The conference was hosted by the Pakistan Bar Council (PBC) at the Lahore High Court Bar Association’s (LHCBA) Karachi Shuhada Hall. It was attended by the elected representatives of bar councils and bar associations.
Justice hurried is justice buried
The policy “is possibly an earnest effort for streamlining the administration of justice and carried some fruitful recommendations. But it suffers from serious flaws and its implementation lacks due process as guaranteed under Article 10A of the Constitution,” the resolution read.
Rather than the delivery of justice without delay, the policy had resulted in a focus on ending litigation through any means, it said. Basic principles laid down for judicial independence had been ignored. “While eliminating delays, justice should not be buried in the process,” it read.
The lawyers noted that from July 1 to November 30, the 1,350 judges in the subordinate judiciary in the Punjab had disposed of a total of 795,673 cases. The lawyers acknowledged that there was a huge backlog and chronic delays in the courts, but said the best way to address these was through better case management and the filling of vacancies for judges.
“Every High Court should devise an independent case management and court management system for control over subordinate judges in close consultation with elected representatives of the bar,” read the resolution.
Nomination of judges
“The deficiency of judges in the High Courts is mainly responsible for the backlog of cases,” read the resolution. There are over 8,000 prisoners on death row who have appeals pending.
The Sindh High Court is meant to have 40 judges, but only has 24. The Lahore High Court has a sanctioned strength of 60 judges, but only has 36. The appointment of judges should be carried out without delay and on merit so that the High Courts can work at full strength, the lawyers said. The size of the subordinate judiciary should also be increased and the government should provide funds for the establishment of more courtrooms and other infrastructure.
The nomination of judges is now the sole responsibility of the Judicial Commission. The lawyers’ representatives said that the rules should be amended so every member of the commission could propose a name to be considered for appointment to the superior judiciary, rather than just the chief justices of the High Courts and the Supreme Court.
“The accountability structure of the judicial policy undermines the judicial autonomy of the High Court and seriously undermines their independence. It creates a single fountain head of judicial power, which compromises Article 203 of the Constitution,” the resolution read.
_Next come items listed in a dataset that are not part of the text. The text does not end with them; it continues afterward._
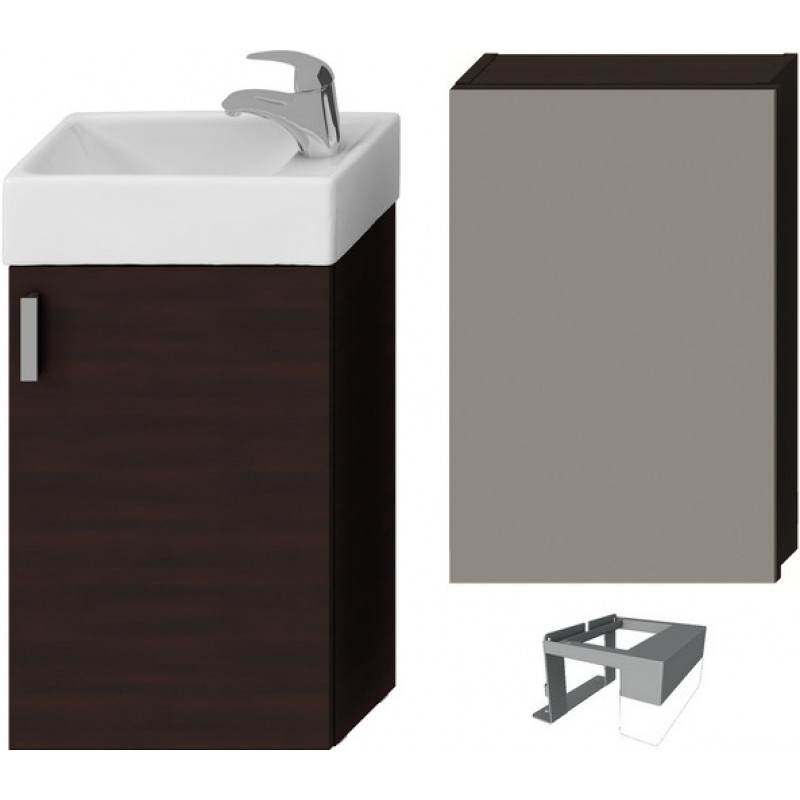 Jika PETIT Skříňka s 1 levo / pravými dveřmi, včetně umyvadla 40 x 23,5 cm, otvor pro baterii VPRAVO, zrcadlová skříňka a osvětlení, tmavý dubsada skříňky, umyvadla 40x23,5cm, zrcadlové skříňky a osvětlení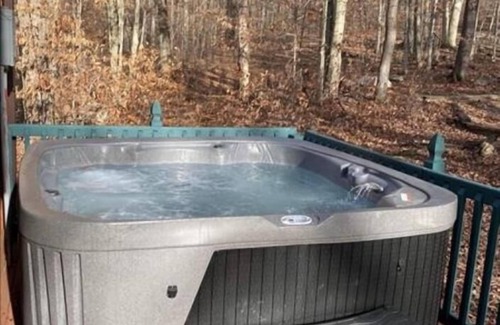 Cardinal Crest Cabin is an amazing relaxing paradise with post & beam construction, vaulted ceilings, a spiral staircase, sunken living room to give you a true comfy cabin feel. This home is also complete with amenities such as flat screen TVs, cable TV, electric fireplace, charcoal grill, full kitchen and outdoor picnic table, tree canopied fire pit area. Also has window AC units located in upstairs bedroom and in living room area. Cardinal Crest has everything you need to unwind, relax in the hot tub and enjoy your outdoorsy cabin getaway!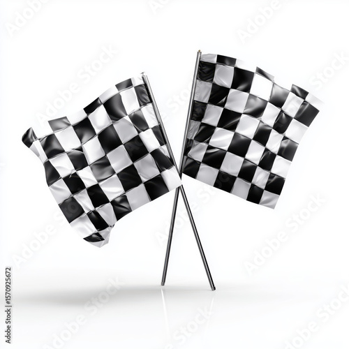 Fototapeta premium Checkered Flags: Race Finish , white background cut out PNG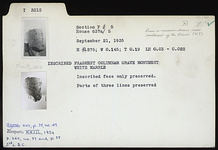 | Description: | Inscribed fragment of columnar grave monument. Inscribed face only preserved. Parts of three lines of the inscription preserved. White marble. | |

The lawyers suggested that retired judges of the superior courts should not be appointed to any paid post, particularly one lower in status to their previous post, barring exceptional circumstances. Similarly, practising lawyers rather than retired judge should be appointed to head tribunals and special courts.
The judicial authorities should take serious and prompt action to end widespread corrupt practices, the lawyers said. Disciplinary action against lawyers pending before disciplinary tribunals must also be decided quickly. The Supreme Judicial Council must also take up the references pending before it for several years.
The bar representatives also said that the Supreme Court should have consulted the bars concerned on the reference sent by President Asif Zardari to the Supreme Court regarding the appointment of judges to the Islamabad High Court, as the lawyers were key stakeholders in the case. The lawyers’ point of view “has been shut out in this particular matter,” they said.
PBC Vice Chairman Akhtar Hussian, PBC Executive Committee Chairman Burhan Muazzam Malik, Supreme Court Bar Association President Mian Israrul Haq, LHCBA President Shehram Sarwar Chaudhry, Punjab Bar Council Vice Chairman Ghulam Abbas Nissoana, Balochistan Bar Council Executive Committee Chairman Munir Kakar, and PBC members Mian Abbas, Ramazan Chaudhry, Ahsan Bhoon, Azam Nazir Tarar and Syed Qalb-e-Abbas participated in the conference.
Published in The Express Tribune, December 21st, 2012.